After a few minutes of unsettled silence, Katherine
pulled out her notebook and flipped to an empty page.

Zach cast her a quick glance. "What are we
listing this morning?"

"I just wanted to review what we want to
accomplish today so we won't forget to ask something important."

"We only have one question. Did my father get a
vasectomy?"

"And what year did it take place?" she
added, checking off one of the questions she'd come up with the night before. "Plus
we should ask where it was done, if this woman knows, in case we need to check
records. And we might even ask if she knows where your father spent most of
1972 or at least the month when I might have been conceived. Then we should—"

"Kat?"

"What?" she asked, looking up from her list.

"Flexibility can give you an advantage." He
sent her a small, intimate smile that made her toes curl inside her tennis
shoes and made her heart flutter restlessly against her chest. Focusing on her
lists, on her priorities, had kept her from focusing on him, but now she'd gone
and done the unthinkable, made eye contact. And what eye contact. She had to
force herself to breathe.

"Besides, I'm not very good at following
directions," Zach said.

She was so lost in his eyes, she could barely follow
his words. Fortunately for her, he had to look back at the road and the
connection was broken. She took a deep breath, wondering how this one man could
have such an effect on her. She closed her notebook and set it back in her
purse. "Are we almost there?"

"Almost. I have to warn you that while Churchill
Downs is one of the prettiest tracks in the country, the surrounding
neighborhood is fairly run-down. Horse racing may be the sport of kings, but
only inside the gates."

Katherine nodded, glancing out the windows as he
turned off the highway. As he'd said, the neighborhoods deteriorated as they
got closer to the track, an urban sprawl of small houses and faded lawns that
reminded her of some parts of
Los
Angeles
.

"If you like flowers, you should definitely stick
around to see the
Derby
,"
Zach said, drawing her attention back to him.

"Why?"

"The
Downs
has
its own greenhouses, and the week before the
Derby
, they begin bringing out the flowers to
set up in the paddock and the infield. I think the winner's circle is made up
of something like eight hundred red and white begonias. I don't know the exact
number, but when you see the track on
Derby
day, it's like seeing someone in their Sunday best. It's spectacular."

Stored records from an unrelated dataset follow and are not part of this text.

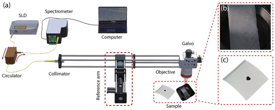 The spectral-domain optical coherence tomography (SD-OCT) system built in this study is shown in Figure 1a. The light source is a super luminescent light-emitting diode with a center wavelength of 850 nm, a bandwidth of 50 nm, and an output power of 15 mW. The axial resolution of the system is . The incident light is split into the sample arm and the reference arm by a beam splitter with a splitting ratio of 90:10 to enhance the signal from the samples. A dispersion compensator with the focusing lens is incorporated in the reference arm to minimize the dispersion mismatch between two arms. The interferogram formed from the backscattering of the sample arm and the back-reflecting of the reference arm is then recorded using a spectrometer with 0.05 nm spectral resolution.
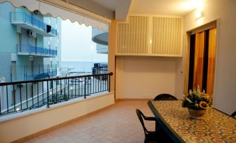 The apartment, recently built, is inserted in a residence facing the sea, a swimming pool, bar, pizzeria, shops and services. E 'consists of a double bedroom, a bedroom with two single beds, a living room with dining table and sofa bed, kitchen, bathroom and a beautiful veranda with table and chairs where you can spend pleasant summer evenings and enjoy the beautiful view sea. Has all the comforts, air conditioning, private garage; are provided sheets, towels and kitchen linens.
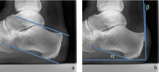 Anhand des seitlichen Fußröntgenbildes kann der Calcaneus-Boden Winkel und die Prominenz der Tuberositas des Calcaneus bestimmt werden und durch das Zusammenspiel dieser beiden Parameter die mögliche Irritation der Achillessehne durch die knöcherne Anatomie beurteilt werden. Bis heute hat sich jedoch kein Parameter etabliert, anhand dessen eine klare Abgrenzung von pathologischen Fehlstellungen möglich ist. Einzelne Arbeiten zeigen jedoch eine Korrelation der parallel „Pitch-Linien“ und des „Chaveau-Liet“ Winkels 10 zu der Erkrankung (Abb. 2).
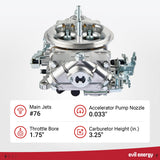Constructed from 100% new, high-strength alloy materials, the EVIL ENERGY Carburetor ensures reliability and temperature stability on track, not refurbished or remanufactured components. Performance matches the Quick Fuel BR-67201 racing carburetor, but the EVIL ENERGY 850 Carburetor offers the same airflow and horsepower capability at a more affordable price point—making it the smarter, high-value choice for performance builders.
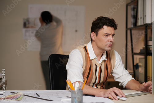 Concentrated architect working on computer when his colleague putting blueprint on wall in backg
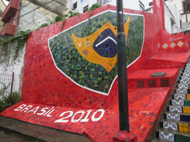 En haut de l’escalier une mosaïque représente le drapeau brésilien. C’est escalier est si populaire à Rio et dans le monde entier que l’escalier a été le décor de nombreux clips musicaux entre autres de Snoop Dog et U2 « Walk on
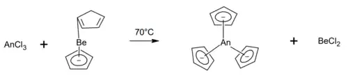 AnCp3 se obvykle připravují podle výše uvedeného schématu,[4][14] někdy se přidává několik dalších kroků potřebných k přípravě chloridů z dodávaných oxidů.[13] Lze použít i jiné postupy, například komplexy beryllia je možné nahradit cyklopentadienidy alkalických kovů a komplexy čtyřmocných aktinoidů mohou být získány také redukčními eliminacemi.
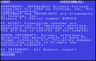 Suspended: A Cryogenic Nightmare is an interactive fiction video game written by Michael Berlyn and published by Infocom in 1983. Infocom's sixth game, it was released for Amstrad CPC, Apple II, Atari 8-bit computers, Commodore 64, Commodore Plus/4, IBM PC compatibles (as a self-booting disk), TRS-80, and TI-99/4A. It was later available for Mac, Amiga, and Atari ST.[1]
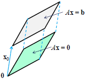 - 兩個等式可被寫作 a‧ x = b , a‧x = 0
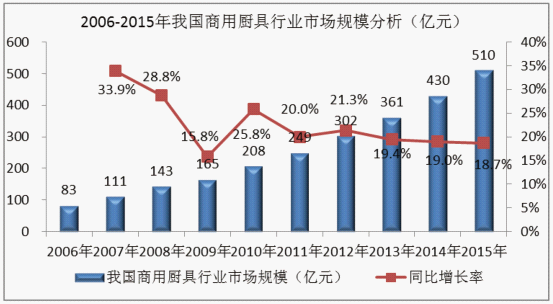 图表29:2006-2015年我国商用厨具行业市场规模分析
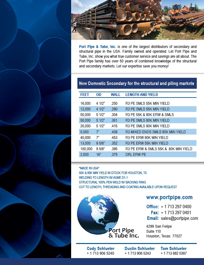 structural pipe in the USA. Family owned and operated. Let Port Pipe and

"I wouldn't have thought you noticed anything but
the horses," she teased.

He tipped his head. "Well, the flowers I'm most
interested in are the roses that will be draped around Rogue's neck when he wins
the
Derby
."

"Pretty sure of yourself, aren't you?"

"I know what I've got."

"Isn't the
Derby
the biggest race of the year? Couldn't you have picked a smaller dream?"

"Only the big ones count."

"I've always admired people who go for broke. Like
those little gymnasts in the Olympics who train every second of every day for
years and years and then it's all over in one vault, one floor exercise, one
mistake, one moment of brilliance. I can't imagine investing myself in anything
like that."

"Can't you?" Zach asked. "Isn't that
what you're doing right now? You've set a pretty high bar in trying to find
your father. There's a good chance you won't make it over, but that hasn't
stopped you from trying. I'd say that takes some guts. I'm not sure what it
says about your brain, but folks think I'm crazy, too."